# WORK TASK
Give back every record below word for word, with the pictures omitted.

-.-.-

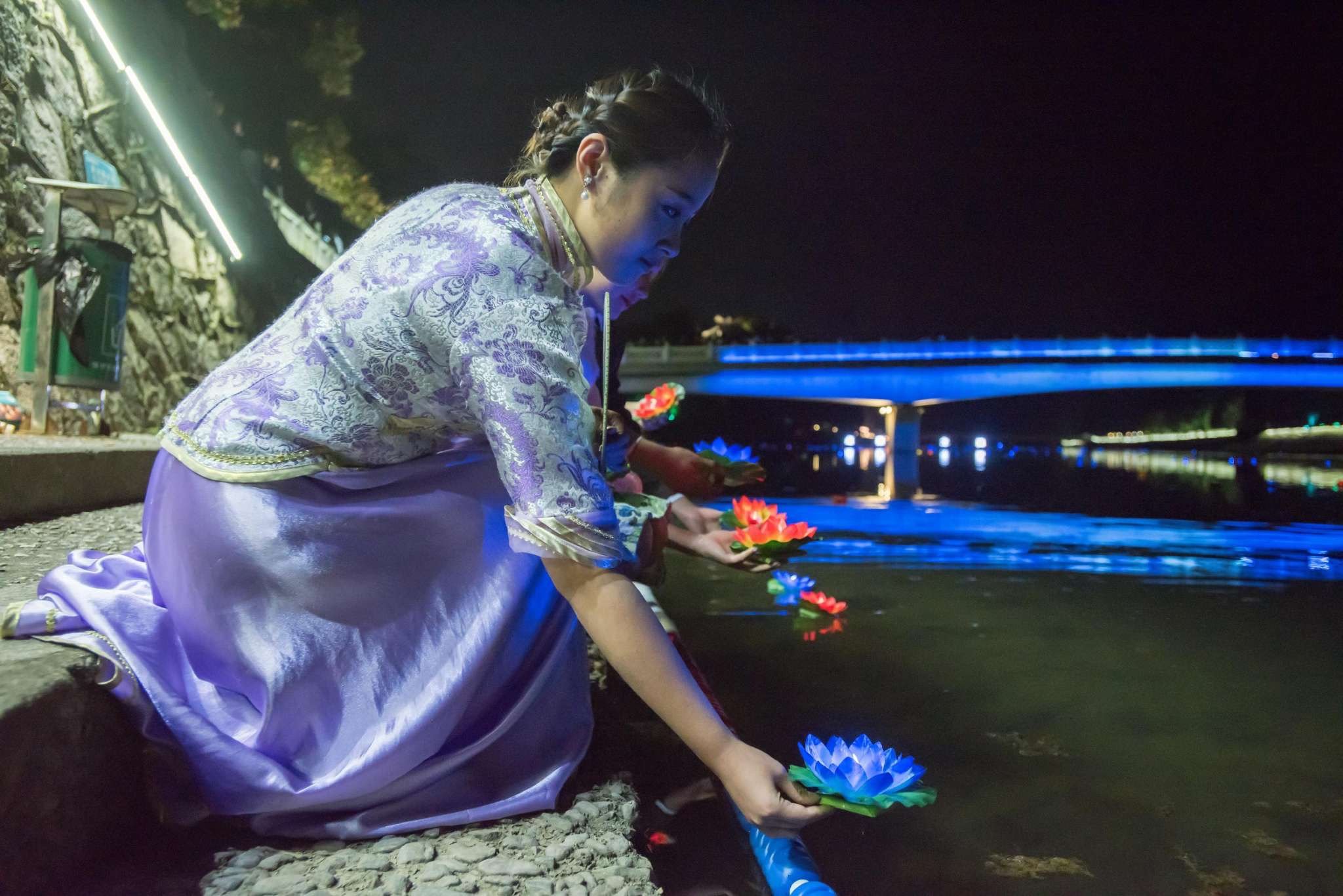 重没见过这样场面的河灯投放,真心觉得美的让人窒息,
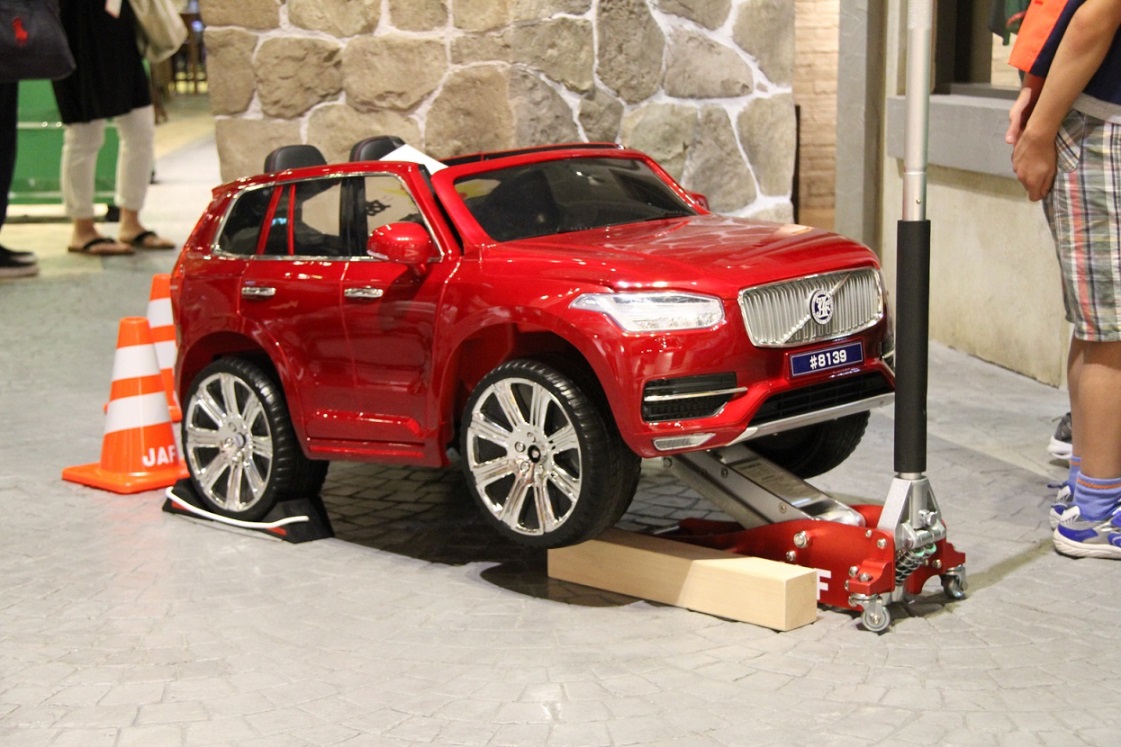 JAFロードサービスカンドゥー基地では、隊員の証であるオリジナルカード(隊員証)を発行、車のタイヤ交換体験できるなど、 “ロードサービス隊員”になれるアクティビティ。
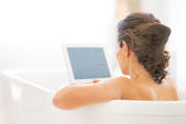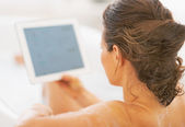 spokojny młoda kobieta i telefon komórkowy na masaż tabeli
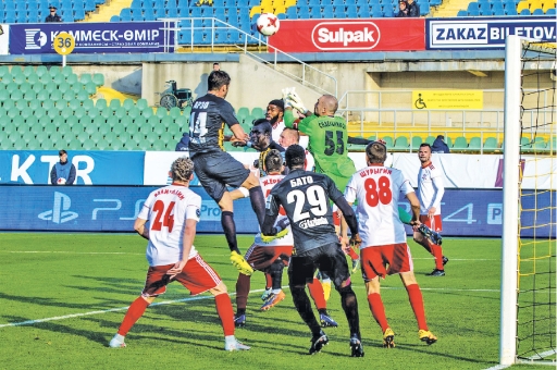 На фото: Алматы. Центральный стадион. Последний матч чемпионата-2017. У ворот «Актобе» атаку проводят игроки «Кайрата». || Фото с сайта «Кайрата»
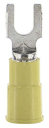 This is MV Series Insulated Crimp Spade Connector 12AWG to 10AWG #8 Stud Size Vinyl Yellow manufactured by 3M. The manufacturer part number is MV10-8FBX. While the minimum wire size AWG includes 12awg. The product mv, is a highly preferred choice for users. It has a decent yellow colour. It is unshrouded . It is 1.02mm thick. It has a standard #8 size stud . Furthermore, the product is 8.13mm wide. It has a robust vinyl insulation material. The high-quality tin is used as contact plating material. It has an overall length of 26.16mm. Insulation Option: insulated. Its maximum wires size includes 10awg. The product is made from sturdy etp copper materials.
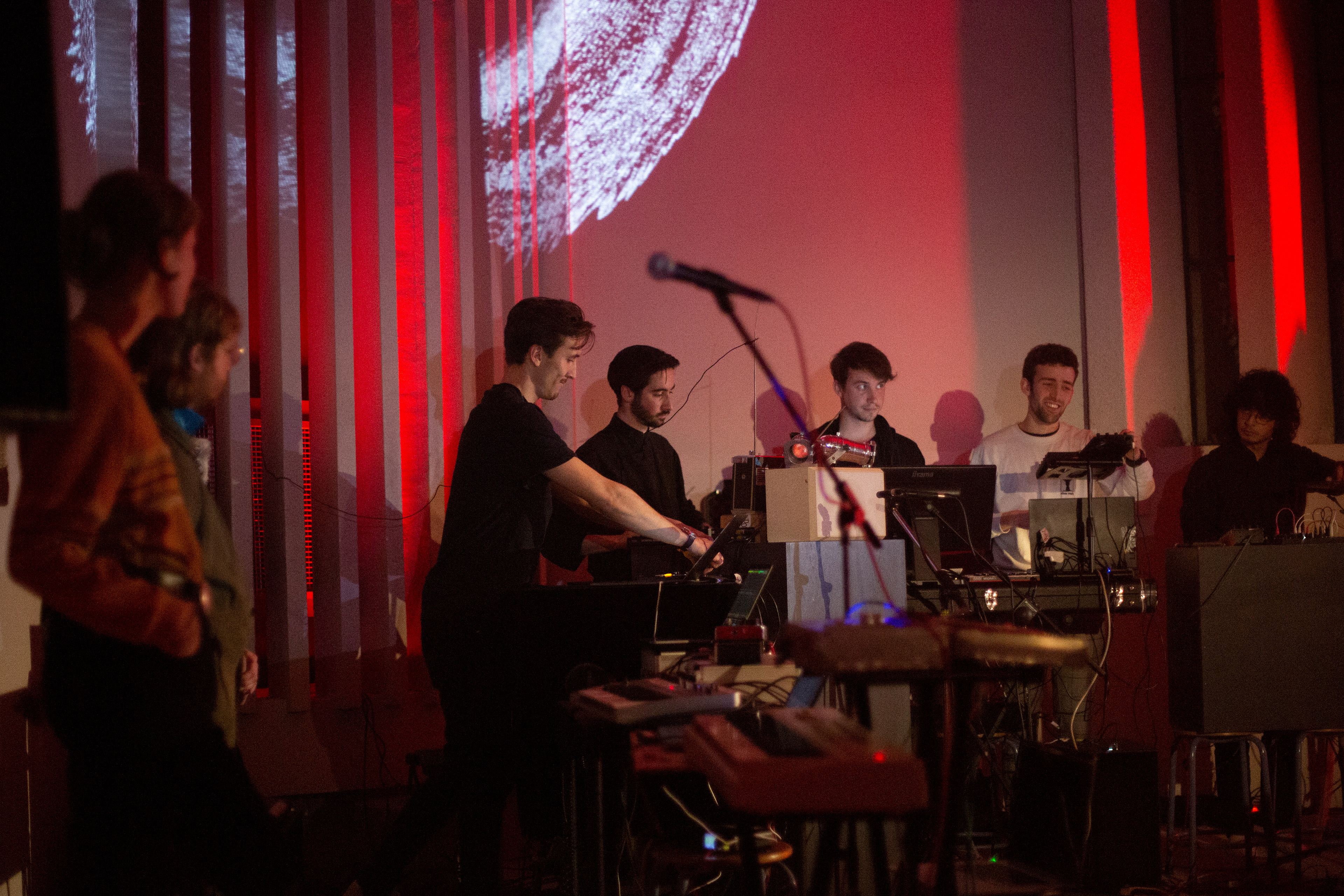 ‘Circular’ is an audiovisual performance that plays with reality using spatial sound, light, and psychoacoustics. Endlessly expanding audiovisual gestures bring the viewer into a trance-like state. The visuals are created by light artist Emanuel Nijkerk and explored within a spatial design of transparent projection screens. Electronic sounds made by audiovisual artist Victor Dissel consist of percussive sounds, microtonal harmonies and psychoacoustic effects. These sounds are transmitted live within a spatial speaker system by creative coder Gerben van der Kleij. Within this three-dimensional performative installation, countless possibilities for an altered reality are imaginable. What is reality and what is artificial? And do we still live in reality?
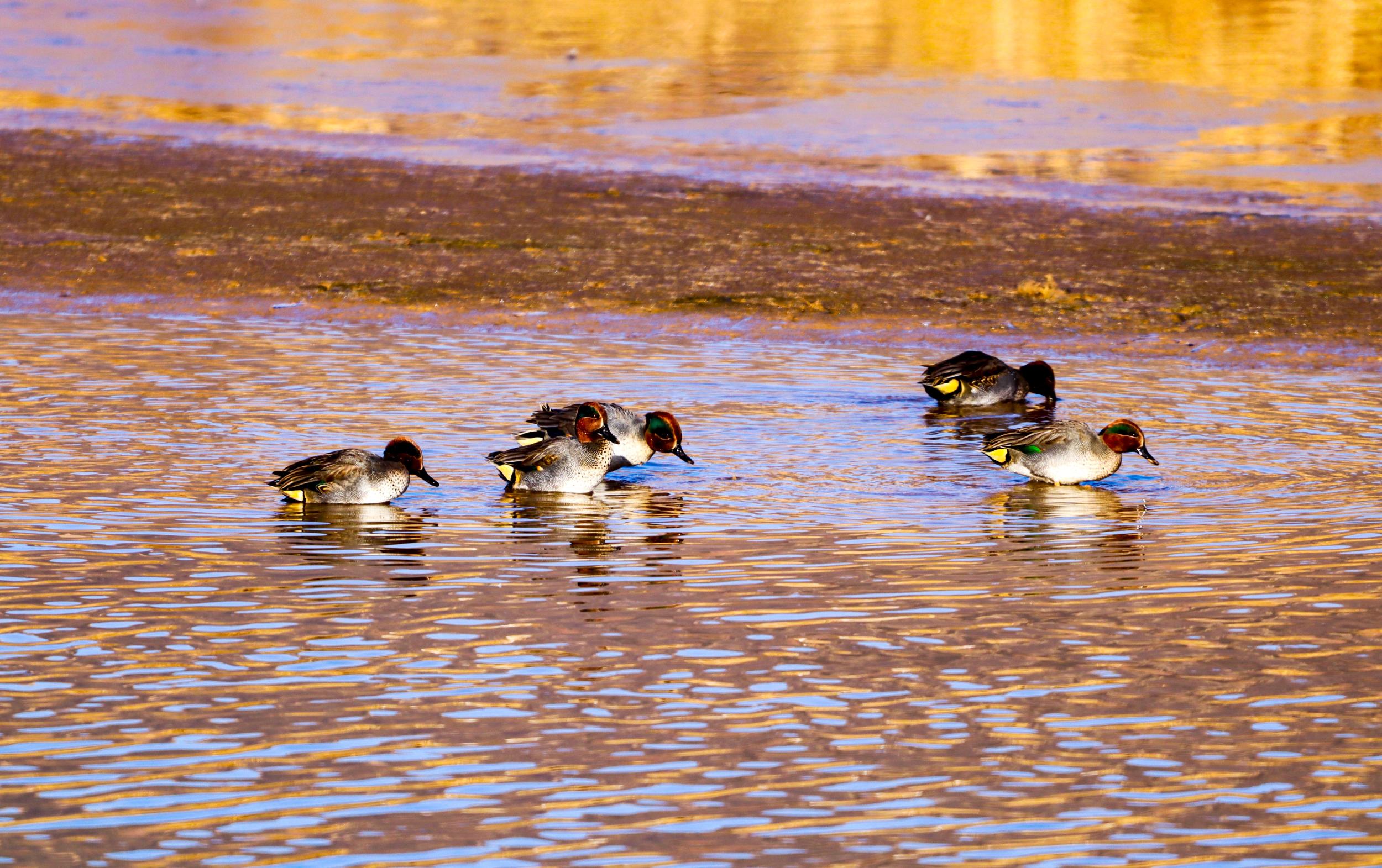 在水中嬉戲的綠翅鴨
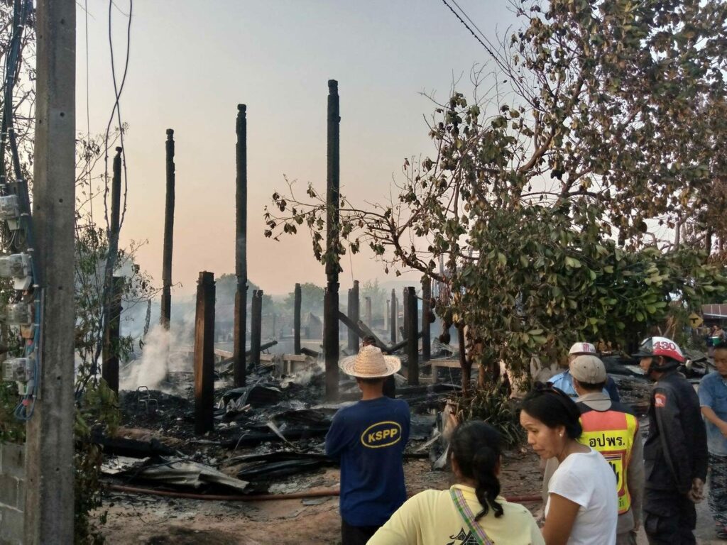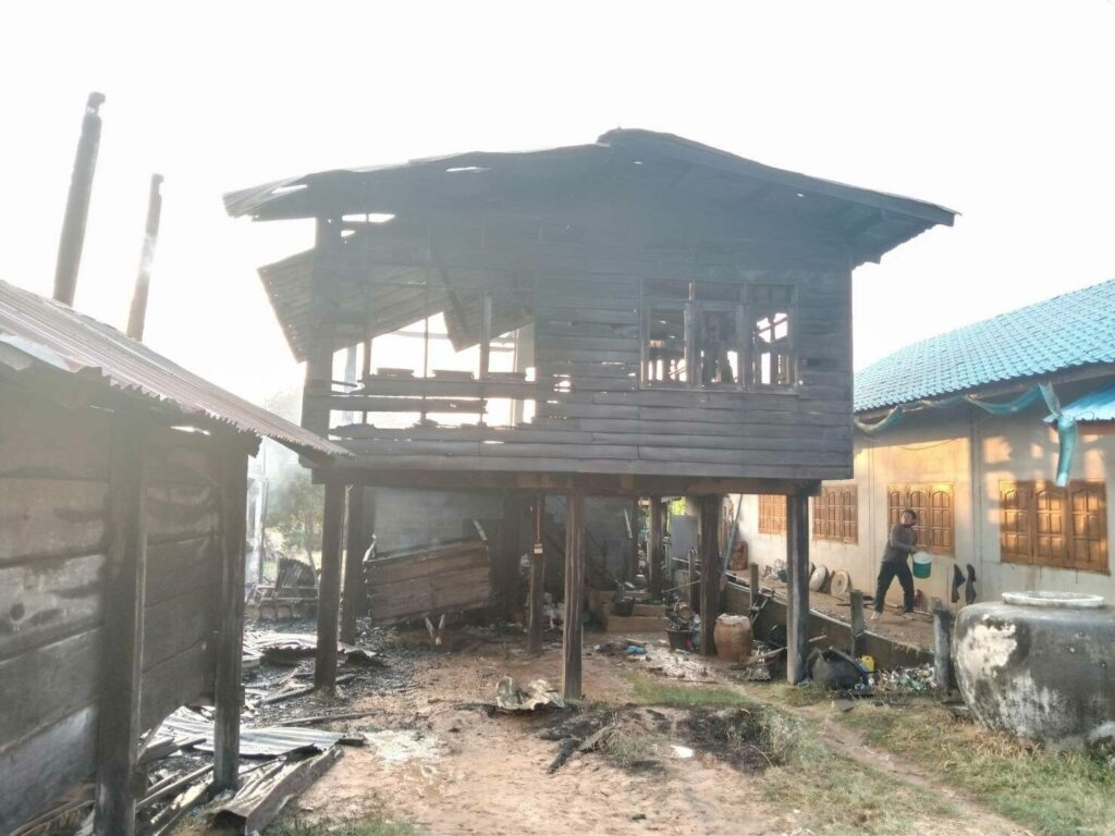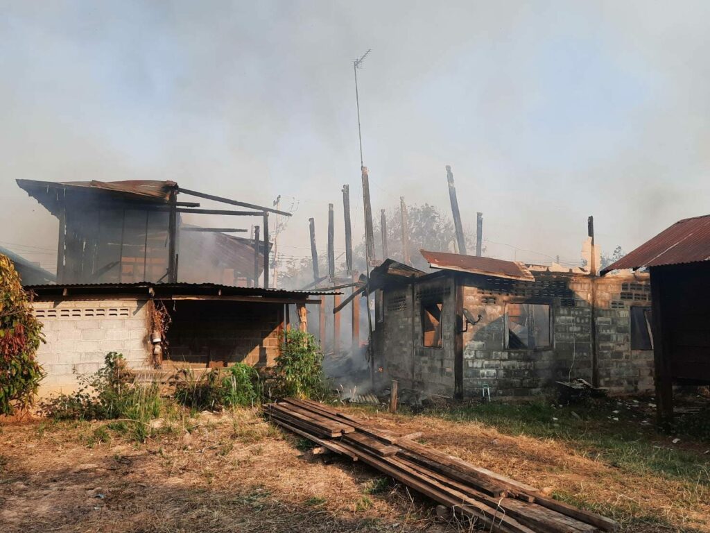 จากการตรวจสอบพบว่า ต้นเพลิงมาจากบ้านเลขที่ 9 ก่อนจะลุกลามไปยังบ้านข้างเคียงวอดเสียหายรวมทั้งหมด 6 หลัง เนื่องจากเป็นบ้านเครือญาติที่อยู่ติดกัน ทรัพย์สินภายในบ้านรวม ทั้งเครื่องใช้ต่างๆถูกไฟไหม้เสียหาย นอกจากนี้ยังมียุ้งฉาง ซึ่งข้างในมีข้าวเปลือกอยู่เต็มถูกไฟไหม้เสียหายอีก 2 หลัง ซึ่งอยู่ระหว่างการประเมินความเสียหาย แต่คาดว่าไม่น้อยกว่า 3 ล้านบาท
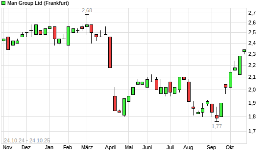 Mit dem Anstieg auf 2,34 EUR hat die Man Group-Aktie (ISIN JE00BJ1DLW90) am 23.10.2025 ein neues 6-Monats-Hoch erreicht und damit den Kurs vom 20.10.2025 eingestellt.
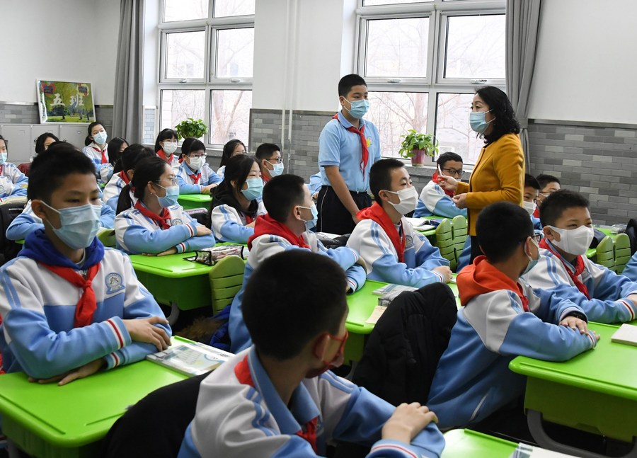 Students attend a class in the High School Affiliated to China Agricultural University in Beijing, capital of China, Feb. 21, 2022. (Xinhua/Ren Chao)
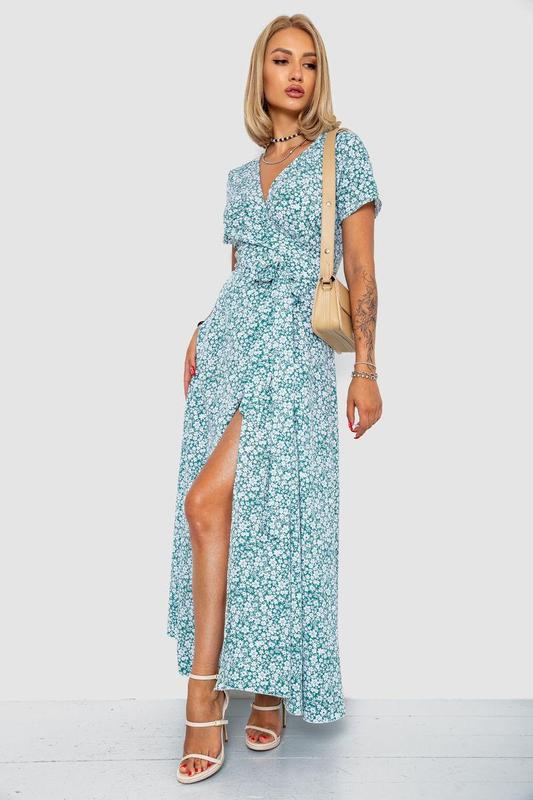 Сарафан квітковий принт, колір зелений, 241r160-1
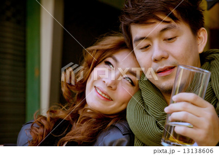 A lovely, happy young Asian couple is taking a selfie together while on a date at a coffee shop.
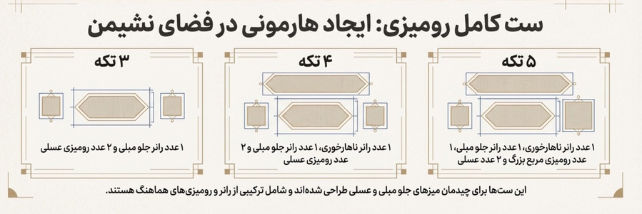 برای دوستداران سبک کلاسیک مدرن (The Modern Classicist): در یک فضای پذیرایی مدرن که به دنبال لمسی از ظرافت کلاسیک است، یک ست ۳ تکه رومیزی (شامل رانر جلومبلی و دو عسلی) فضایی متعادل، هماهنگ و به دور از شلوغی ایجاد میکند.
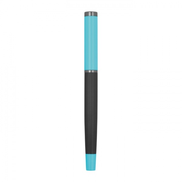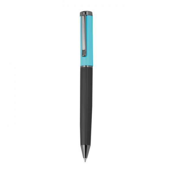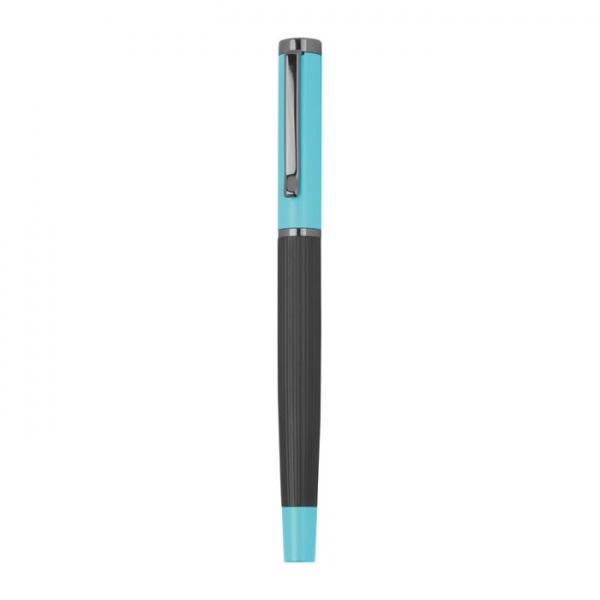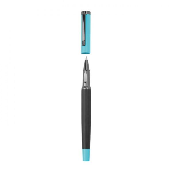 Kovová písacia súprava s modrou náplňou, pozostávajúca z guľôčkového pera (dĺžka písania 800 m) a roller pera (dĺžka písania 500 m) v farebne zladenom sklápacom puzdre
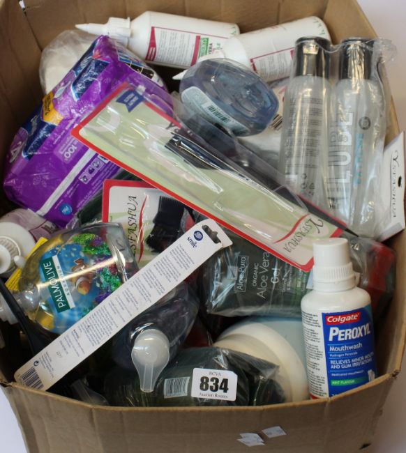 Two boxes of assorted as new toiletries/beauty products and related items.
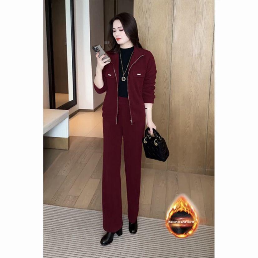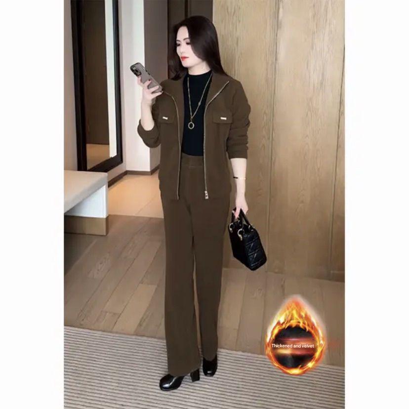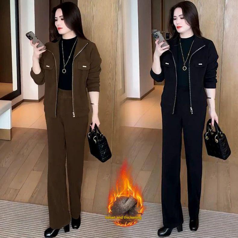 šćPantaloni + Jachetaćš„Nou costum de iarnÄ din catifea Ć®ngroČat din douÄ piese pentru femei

-.-.-

# RESPONSE FOR THIS EXERCISE
 重没见过这样场面的河灯投放,真心觉得美的让人窒息,
 JAFロードサービスカンドゥー基地では、隊員の証であるオリジナルカード(隊員証)を発行、車のタイヤ交換体験できるなど、 “ロードサービス隊員”になれるアクティビティ。
 spokojny młoda kobieta i telefon komórkowy na masaż tabeli
 На фото: Алматы. Центральный стадион. Последний матч чемпионата-2017. У ворот «Актобе» атаку проводят игроки «Кайрата». || Фото с сайта «Кайрата»
 This is MV Series Insulated Crimp Spade Connector 12AWG to 10AWG #8 Stud Size Vinyl Yellow manufactured by 3M. The manufacturer part number is MV10-8FBX. While the minimum wire size AWG includes 12awg. The product mv, is a highly preferred choice for users. It has a decent yellow colour. It is unshrouded . It is 1.02mm thick. It has a standard #8 size stud . Furthermore, the product is 8.13mm wide. It has a robust vinyl insulation material. The high-quality tin is used as contact plating material. It has an overall length of 26.16mm. Insulation Option: insulated. Its maximum wires size includes 10awg. The product is made from sturdy etp copper materials.
 ‘Circular’ is an audiovisual performance that plays with reality using spatial sound, light, and psychoacoustics. Endlessly expanding audiovisual gestures bring the viewer into a trance-like state. The visuals are created by light artist Emanuel Nijkerk and explored within a spatial design of transparent projection screens. Electronic sounds made by audiovisual artist Victor Dissel consist of percussive sounds, microtonal harmonies and psychoacoustic effects. These sounds are transmitted live within a spatial speaker system by creative coder Gerben van der Kleij. Within this three-dimensional performative installation, countless possibilities for an altered reality are imaginable. What is reality and what is artificial? And do we still live in reality?
 在水中嬉戲的綠翅鴨
 จากการตรวจสอบพบว่า ต้นเพลิงมาจากบ้านเลขที่ 9 ก่อนจะลุกลามไปยังบ้านข้างเคียงวอดเสียหายรวมทั้งหมด 6 หลัง เนื่องจากเป็นบ้านเครือญาติที่อยู่ติดกัน ทรัพย์สินภายในบ้านรวม ทั้งเครื่องใช้ต่างๆถูกไฟไหม้เสียหาย นอกจากนี้ยังมียุ้งฉาง ซึ่งข้างในมีข้าวเปลือกอยู่เต็มถูกไฟไหม้เสียหายอีก 2 หลัง ซึ่งอยู่ระหว่างการประเมินความเสียหาย แต่คาดว่าไม่น้อยกว่า 3 ล้านบาท
 Mit dem Anstieg auf 2,34 EUR hat die Man Group-Aktie (ISIN JE00BJ1DLW90) am 23.10.2025 ein neues 6-Monats-Hoch erreicht und damit den Kurs vom 20.10.2025 eingestellt.
 Students attend a class in the High School Affiliated to China Agricultural University in Beijing, capital of China, Feb. 21, 2022. (Xinhua/Ren Chao)
 Сарафан квітковий принт, колір зелений, 241r160-1
 A lovely, happy young Asian couple is taking a selfie together while on a date at a coffee shop.
 برای دوستداران سبک کلاسیک مدرن (The Modern Classicist): در یک فضای پذیرایی مدرن که به دنبال لمسی از ظرافت کلاسیک است، یک ست ۳ تکه رومیزی (شامل رانر جلومبلی و دو عسلی) فضایی متعادل، هماهنگ و به دور از شلوغی ایجاد میکند.
 Kovová písacia súprava s modrou náplňou, pozostávajúca z guľôčkového pera (dĺžka písania 800 m) a roller pera (dĺžka písania 500 m) v farebne zladenom sklápacom puzdre
 Two boxes of assorted as new toiletries/beauty products and related items.
 šćPantaloni + Jachetaćš„Nou costum de iarnÄ din catifea Ć®ngroČat din douÄ piese pentru femei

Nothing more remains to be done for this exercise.